With inflation at a 41-year-high in May and interest and mortgage rates rising, buying a home is getting more expensive for many Americans. And now, renovating one is also proving costlier, especially for new homebuyers, a new survey finds.
The 2022 Houzz & Home Survey of 70,000 U.S. respondents, found that homeowners plan to spend $15,000 this year to renovate their houses. That’s a four-year high and a 50% jump over the $10,000 Americans spent over the previous three years.
The survey shows that in 2022, 55% of homeowners are planning to renovate their house, while 46% plan to decorate it. In addition, homeowners with higher-budget renovations are planning to spend $75,000 on projects in 2022 compared with $60,000 in 2021, the survey notes.
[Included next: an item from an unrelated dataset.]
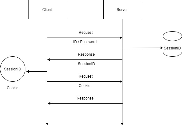 - 서버는 로그인 정보 확인 후 세션아이디를 응답한다. 이 세션아이디는 서버에서도 가지고있는다.
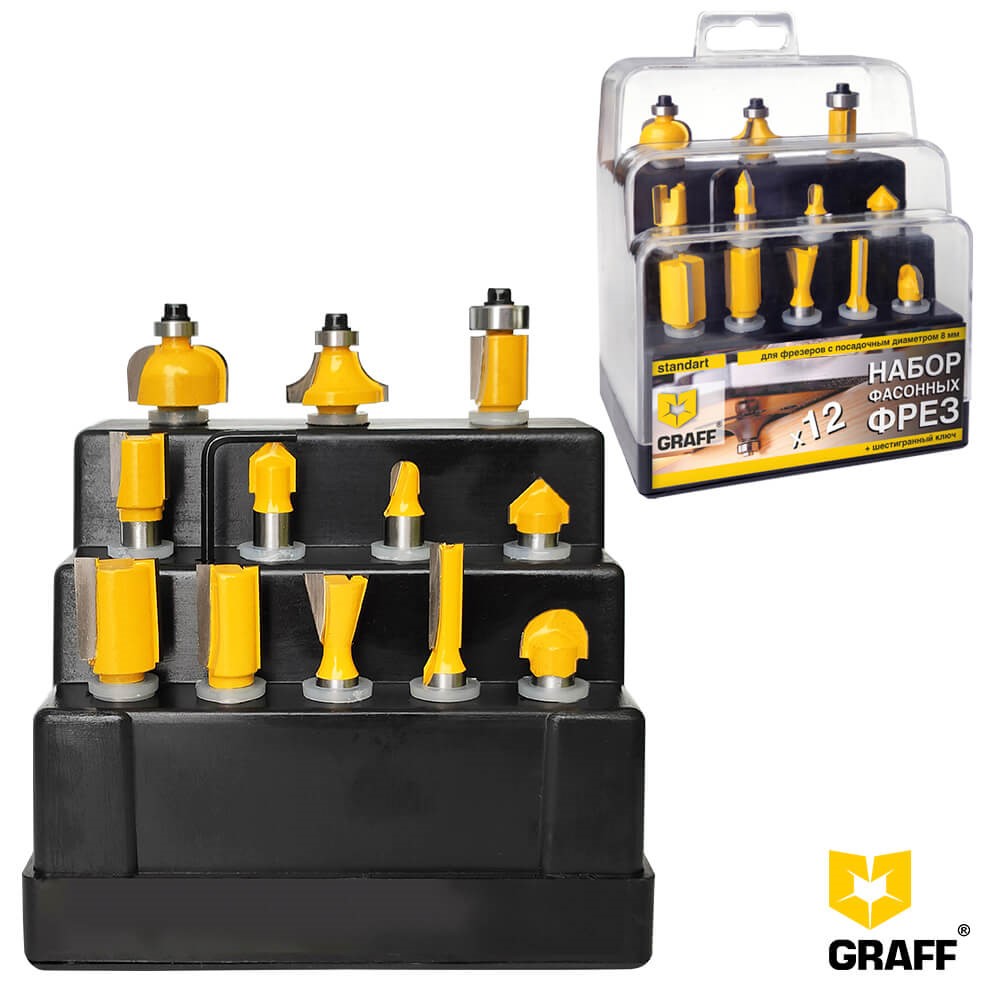 Набор из двенадцати фасонных фрез по дереву GRAFF из высококачественного материала с твердосплавными напайками. В набор входит шестигранный ключ.В набор входят фрезы следующие фрезы:

“Market fundamentals, including limited and aging housing stock, continue to propel the home renovation market,” Marine Sargsyan, Houzz staff economist, said in the survey’s press release. “Homeowners are clearly committed to investing in their homes despite heightened product and material costs driven by supply chain disruptions, and are exploring diverse funding sources. This is especially pronounced among recent homebuyers, who rely heavily on cash from previous home sales to fund their projects and spend significantly more than the national median.”
In terms of home improvements Americans are splurging on most today, kitchens still come first, according to Realtor.com. In fact, homeowners are spending 25% more in this space than in 2021.
“Kitchens have the best return on investment,” Khari Washington, a real estate broker at 1st United Realty & Mortgage, told Realtor.com.
Smaller spaces are also seeing an increase in spending, including include guest baths (38%), laundry rooms (33%), and guest bedrooms (28%), according to Realtor.com.
On the other hand, only 18% of new homeowners are investing in home office renovation.
Realtor.com also notes that open floor plans continue to reign supreme, as 29% say they’re knocking down walls.
“People do like open space, but with housing prices climbing, buyers may have settled for homes with layouts they didn’t like,” Washington told Realtor.com. “And current homeowners have decided to stay in their existing houses and make them over into the format they want.”
Finally, Americans are splurging on home security systems, as there has been an increase since 2015 in outdoor security systems, Realtor.com notes.
Tony Mariotti, a real estate agent and founder of RubyHome, told Realtor.com that the drop in prices of internet-enabled cameras and sensors means installing them is more affordable and attractive to cash-strapped homeowners today.
He added, however, that “I don’t personally believe they are much of a deterrent for thieves. Since once you’ve recorded a masked person taking your Amazon packages from your porch, then what?”